Во всех экспериментах пациент видел фотографию своего лица, трансформированного в лица знакомых людей того же пола. В первых двух экспериментах были фотографии его лица до травмы и после, в трех последующих - к ним добавилось фото лица после трансплантации. Каждое лицо, использованное в первых двух экспериментах, имело шесть степеней трансформации (процентное соотношение своего и чужого лица): 0/100, 20/80, 40/60, 60/40, 80/20 и 100/0. А те, которые появлялись в трех последних испытаниях, имели четыре степени трансформации: 0/100, 33/66, 66/33, и 100/0. Увидев фото, участник отвечал, на фото он или знакомый ему человек. На протяжении эксперимента пациент находился в аппарате фМРТ.
Из этого эксперимента стало ясно, что пациент легче узнавал себя на тех фото, где он был до травмы, чем на тех, где он после травмы (p = 0,043). И это даже тогда, когда на фото его черт было меньше, чем черт другого человека. Также, как отмечают авторы, он проще узнавал себя на фото до травмы, чем на фото после трансплантации лица, но со временем эта разница сглаживалась (p = 0,109).

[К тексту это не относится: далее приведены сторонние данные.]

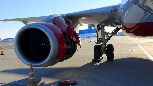 Videos and images circulating online show missing parts of the right engine’s metal covering.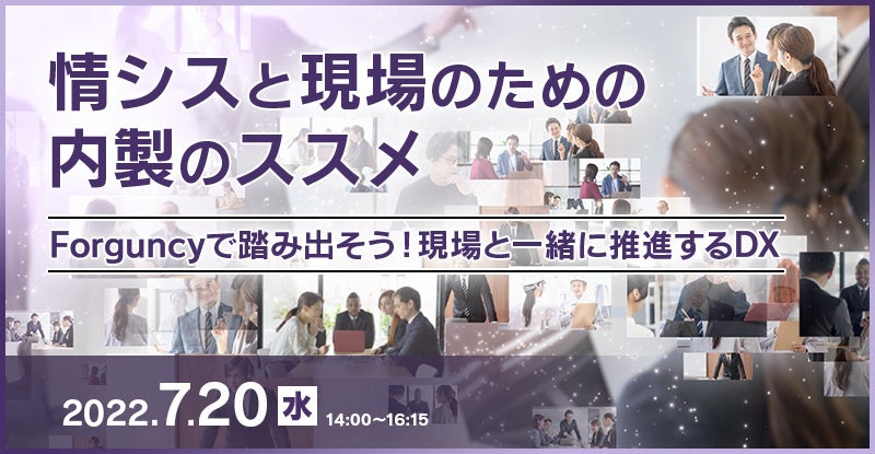 そこで本イベントでは“内製”をテーマに、現場を巻き込むシステム開発で課題解決に取り組まれている企業にご登壇いただき、内製開発に至った経緯やその効果についてお話を伺います。また、DX基盤を築くノーコードツールとして導入されている「Forguncy」の選定理由や使いどころについてもご紹介いただきます。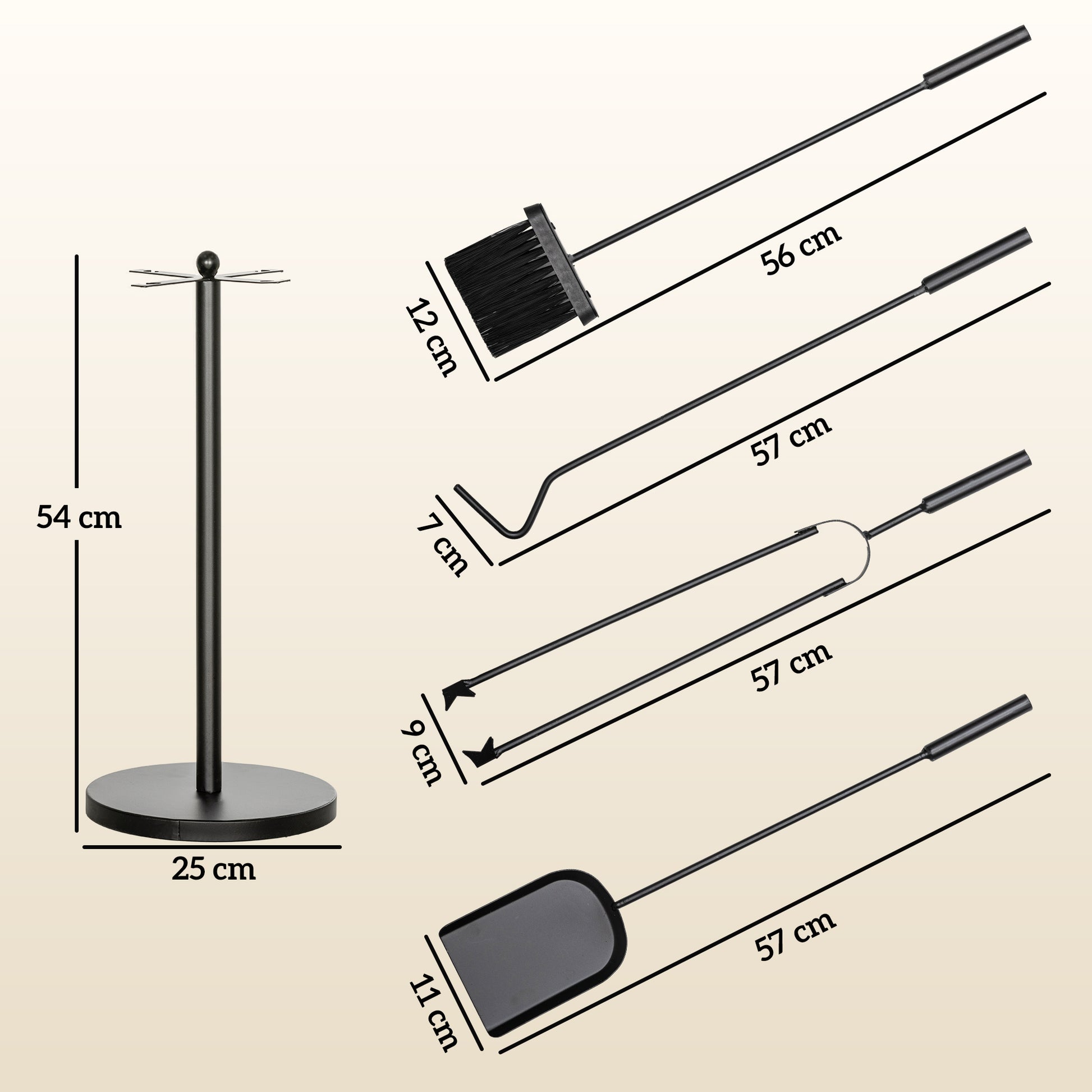 - Medidas: Suporte Ø25x54 cm; Escova 56x12 cm; Pá 57x11 cm; Tenaz 57x9 cm; Atiçador 57x7 cm

Помимо специфичной для распознавания лиц веретенообразной области лица, во время узнавания собственного лица также задействуются и другие зоны. Так, активируется нижняя лобная извлина (IFG), которая участвует в различении собственного и чужого лица, а также — при узнавании себя в разные периоды жизни, в разных возрастах. Задействуется и медиальная лобная кора (MFC), она отвечает за обработку представлений о себе, например, таких, как черты характера, автобиографические воспоминания, установки или эмоциональные оценки (обычно положительные) себя. Включаются и другие срединные структуры, например, поясная кора (ACC) и предклинье, они также связаны с обработкой представлений о своей личности, воспоминаний о себе. При этом условно функции этих областей можно разделить так: нижняя лобная извилина, а еще верхняя часть затылочной коры и постцентральная извилина (больше справа) — это некоторые области из тех, которые отвечают за обработку физических черт собственного лица, а вот срединные структуры, как уже выше отмечалось, больше заняты обработкой психологических черт, связанных с восприятием своего лица.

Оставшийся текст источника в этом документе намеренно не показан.